Rule: Replica SQL thread is single-threaded by default in MySQL 5.6 and earlier. Parallel replication requires configuration.
-- Check if SQL thread is running
SHOW SLAVE STATUS\G
-- Slave_SQL_Running: Yes = running but slow
-- Slave_SQL_Running: No = stopped (check Last_SQL_Error)
-- Enable parallel replication (MySQL 5.7+)
STOP SLAVE SQL_THREAD;
SET GLOBAL slave_parallel_workers = 4;
SET GLOBAL slave_parallel_type = 'LOGICAL_CLOCK'; -- better than DATABASE
START SLAVE SQL_THREAD;
-- Monitor slave thread activity
SELECT * FROM performance_schema.replication_applier_status_by_worker;
-- If lag is from a huge transaction, wait it out
-- Check what the SQL thread is currently executing:
SELECT * FROM performance_schema.replication_applier_status_by_coordinator\G
Gotcha: "Too Many Connections" Error¶
Application gets ERROR 1040 (HY000): Too many connections.
Rule: MySQL has a hard ceiling (max_connections). The connection from the error itself often can't connect either — reserve one connection for root.
-- Check current state (connect as root from the server itself)
SHOW GLOBAL STATUS LIKE 'Threads_connected';
SHOW GLOBAL STATUS LIKE 'Max_used_connections';
SHOW GLOBAL VARIABLES LIKE 'max_connections';
-- Immediate fix: increase limit (runtime, no restart needed)
SET GLOBAL max_connections = 500;
-- Persistent fix in my.cnf:
-- max_connections = 500
-- Find who is holding connections
SELECT user, host, db, command, time, state
FROM information_schema.processlist
WHERE command != 'Sleep'
ORDER BY time DESC;
-- Kill sleeping connections older than 60 seconds (generate KILL statements)
SELECT CONCAT('KILL ', id, ';')
FROM information_schema.processlist
WHERE command = 'Sleep' AND time > 60 AND user != 'replication';
With ProxySQL: check if the connection pool is exhausted:
-- On ProxySQL admin port 6032
SELECT hostgroup, srv_host, status, ConnUsed, ConnFree, ConnOK, ConnERR
FROM stats_mysql_connection_pool;
Gotcha: Replication Broke — Duplicate Key Error¶
Last_SQL_Error: Could not execute Write_rows event on table mydb.users;
Duplicate entry '12345' for key 'PRIMARY'
The replica has a row the primary doesn't (out-of-band write to replica, or replica was used for a write that also went to primary).
-- Option 1: Skip one event (quick fix, may mask data divergence)
STOP SLAVE;
SET GLOBAL sql_slave_skip_counter = 1;
START SLAVE;
-- With GTID: you can't use skip_counter; inject an empty transaction instead
STOP SLAVE;
SET GTID_NEXT = 'uuid:transaction_id'; -- the GTID shown in Last_SQL_Error
BEGIN; COMMIT;
SET GTID_NEXT = 'AUTOMATIC';
START SLAVE;
-- Option 2: Verify replica is actually in sync (then fix root cause)

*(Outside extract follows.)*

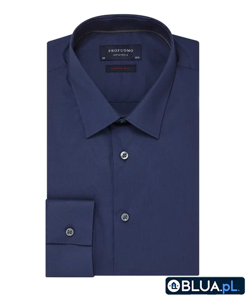 Elegancka granatowa koszula męska bawełniana typu SUPER SLIM FIT, Stretch Koszule Profuomo to dbałość o jakość szycia i detale wykończenia dlatego między innymi guziki koszuli są szyte w tzw. kurzą stopkę Elegancki kołnierzyk typu pół-włoskiego, mankiet prosty zapinany na 1 guzik. Ten model może być wykorzystany zarówno na uroczystościach jak i codziennej pracy. Koszula z tak wysokim stopniem dopasowania będzie doskonała dla każdej osoby chcącej wyeksponować swoją sylwetkę. Podczas wybierania odpowiedniego rozmiaru istotne jest aby przednia listwa nie rozchodziła się podczas siadania. Łatwa w prasowaniu dzięki wykończeniu easy iron Materiał 97% bawełna, 3% elastan

pt-table-checksum --host=primary --databases=mydb --tables=users
-- If drifted, resync: pt-table-sync --execute h=primary,D=mydb,t=users h=replica
-- Option 3: If drift is large, rebuild the replica from a fresh backup
Default trap:
sql_slave_skip_counterskips the next N events, not transactions. A multi-statement transaction may have multiple events. Skipping 1 event might leave the transaction half-applied. With GTID replication, the empty-transaction injection method is safer because it operates at the transaction level.
Pattern: Emergency Schema Change on a Live Table¶
A schema change (ALTER TABLE) acquires a metadata lock and blocks all reads and writes on the table for its duration. On a 100 GB table this can take 30+ minutes.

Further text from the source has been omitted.